RECORDS:
******
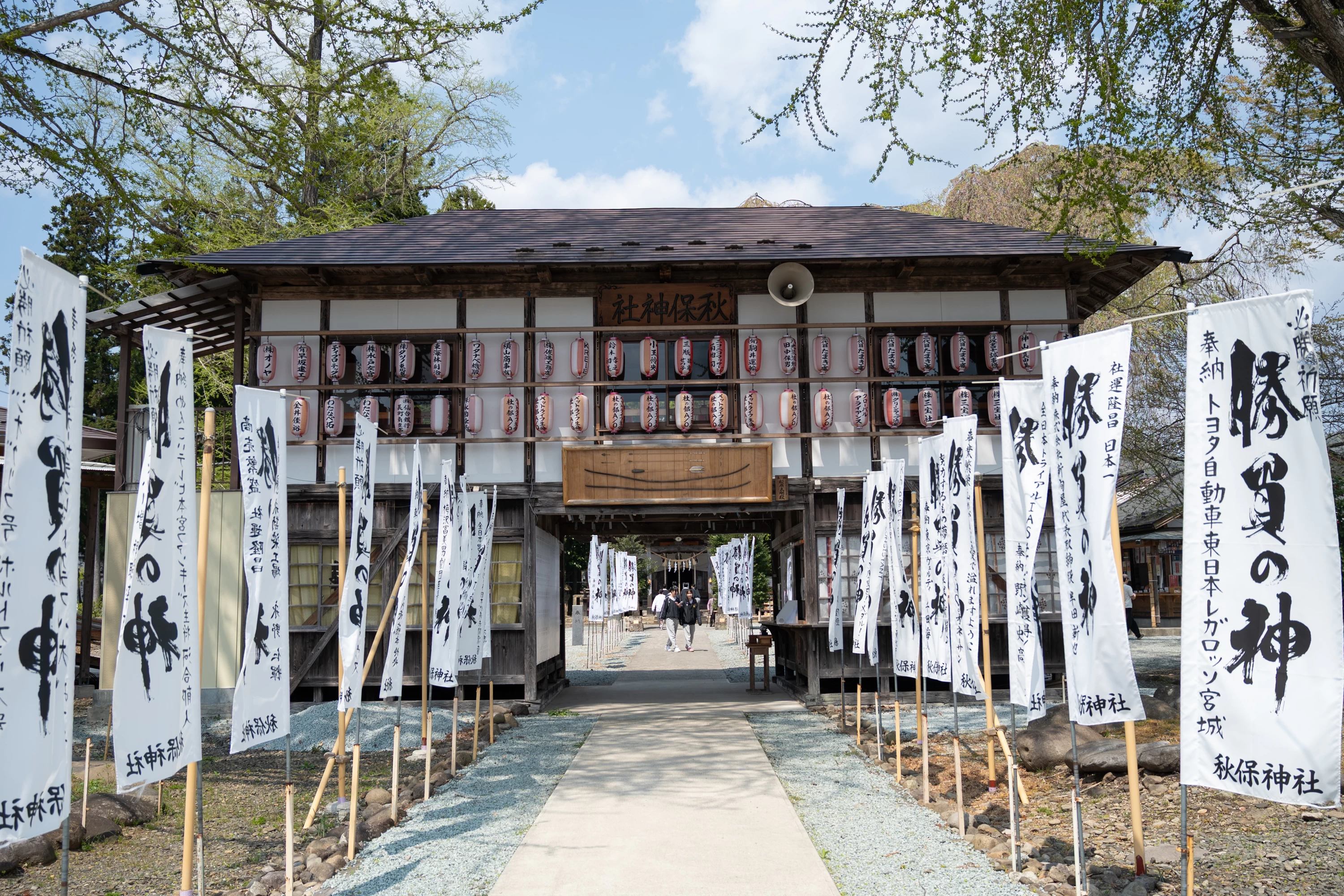 東北自動車道仙台南ICより車で約30分の距離と、アクセス良好な秋保神社。勝負の神様を祀り、多くのプロ選手が必勝祈願に訪れることで知られる。創建は1200年以上前で、のちに勝運の神様を崇める諏訪信仰と結び付いた。境内には「勝負の神」と書かれたのぼりが風にはためき、まるで見えない力が開運を応援してくれるかのよう。霊石「勝石」や開運の御神木があり、御加護を身につけられるお守りや多種多様な御朱印なども話題。神楽殿では伝統芸能が奉納され、信仰と歴史、自然が調和しながら時を刻んでいる。
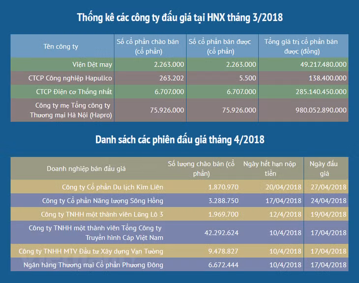 Báo cáo thống kê cho thấy, khối lượng cổ phần đưa ra đấu giá trong tháng Ba đạt hơn 85 triệu cổ phần (gấp gần 2 lần so với tháng Hai) và thu hút được sự quan tâm lớn từ phía các nhà đầu tư, do đó khối lượng đạt mua cao gấp 1,35 lần khối lượng chào bán.
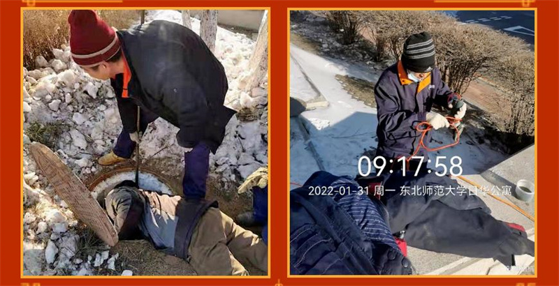 在安全巡查方面,根据维修巡查制度,对设施、设备进行排查,及时排除隐患及修复损坏设施。在计划维修方面,项目部根据寒期工作计划,利用假期,修复平时不方便维修的工作,做好服务保障工作。在突发抢修方面,计算机学院的消防管道爆裂,维修人员第一时间赶到现场抢修,疏通下水主管道,恢复供水;除夕当天,一食堂消防管道爆裂,因管道空间狭窄,他们不顾寒冷脱掉棉衣,穿着单衣抢修以增加作业空间,历经2小时奋战,管道修复,此时他们已冻的瑟瑟发抖。
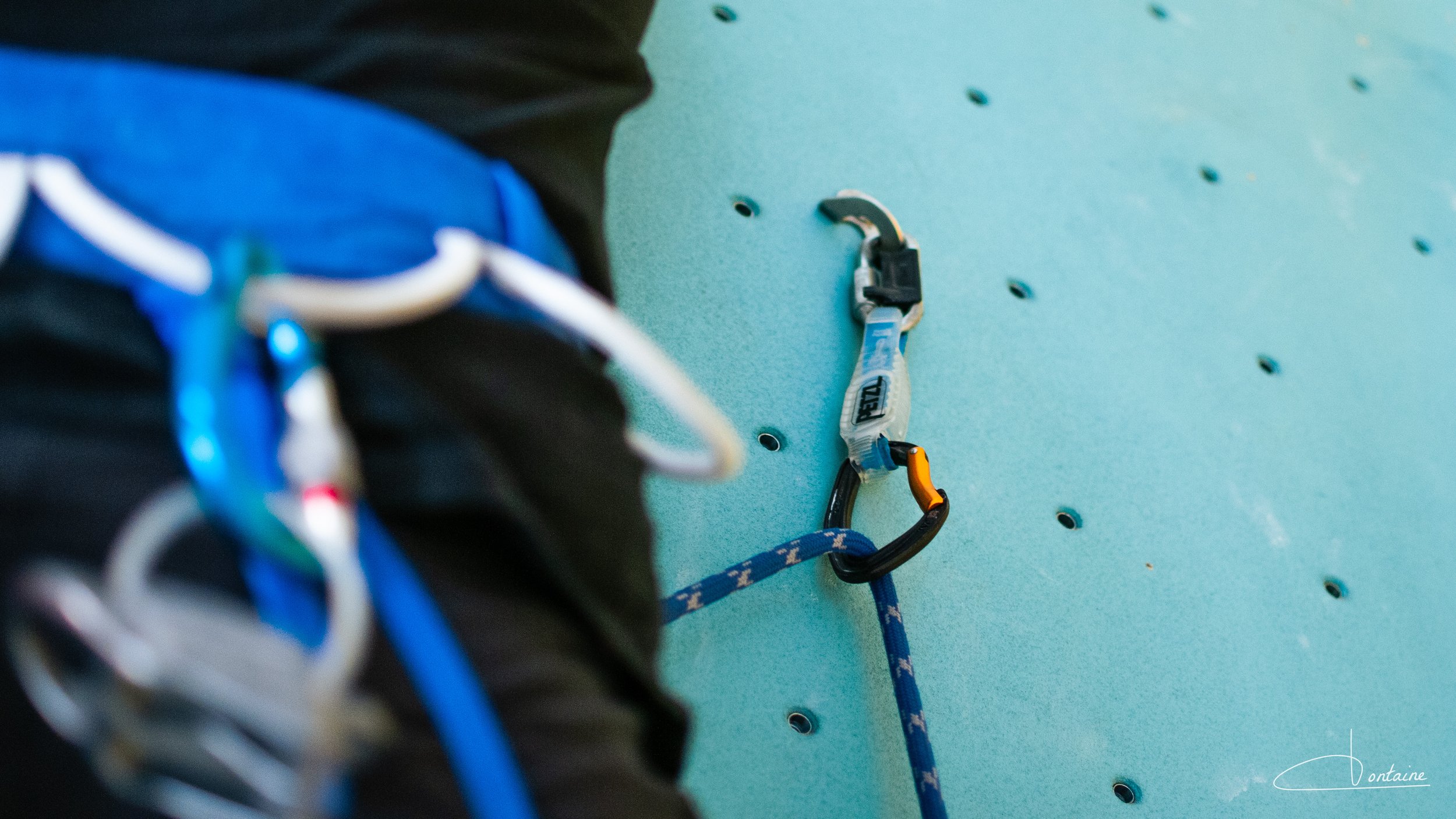 En bas du mur, ce sont des partenaires de grimpe qui se préparent à aller toucher la dernière prise, vissée tout en haut. Chacun dans son baudrier, cette chose qui vient vous prendre à la taille et aux cuisses par-dessus le pantalon, vous assurant la vie en cas de chute, mais aussi vous permettant d’accrocher plein de gadgets comme des mousquetons, une poche à magnésie ou encore des dégaines.
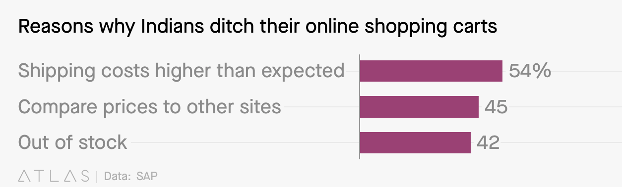 该研究由科技公司SAP完成,该公司对印度1000名线上消费者的购物习惯进行调查,发现56%的消费者在加满购物车后又会把商品一件件删除。究其原因,大部分消费者认为价格超过了预期,也有近半数人表示会在不同平台比价。而且印度消费者们也会经常延迟完成订单交易。
******
TO DO: Return word for word the lines of the listing above, starting at the line with "Báo cáo thống" and ending at the line with "在安全巡查方面,根据维修巡查", both included. Pictures do not belong in the copy.

RESULT OF THIS TASK:
 Báo cáo thống kê cho thấy, khối lượng cổ phần đưa ra đấu giá trong tháng Ba đạt hơn 85 triệu cổ phần (gấp gần 2 lần so với tháng Hai) và thu hút được sự quan tâm lớn từ phía các nhà đầu tư, do đó khối lượng đạt mua cao gấp 1,35 lần khối lượng chào bán.
 在安全巡查方面,根据维修巡查制度,对设施、设备进行排查,及时排除隐患及修复损坏设施。在计划维修方面,项目部根据寒期工作计划,利用假期,修复平时不方便维修的工作,做好服务保障工作。在突发抢修方面,计算机学院的消防管道爆裂,维修人员第一时间赶到现场抢修,疏通下水主管道,恢复供水;除夕当天,一食堂消防管道爆裂,因管道空间狭窄,他们不顾寒冷脱掉棉衣,穿着单衣抢修以增加作业空间,历经2小时奋战,管道修复,此时他们已冻的瑟瑟发抖。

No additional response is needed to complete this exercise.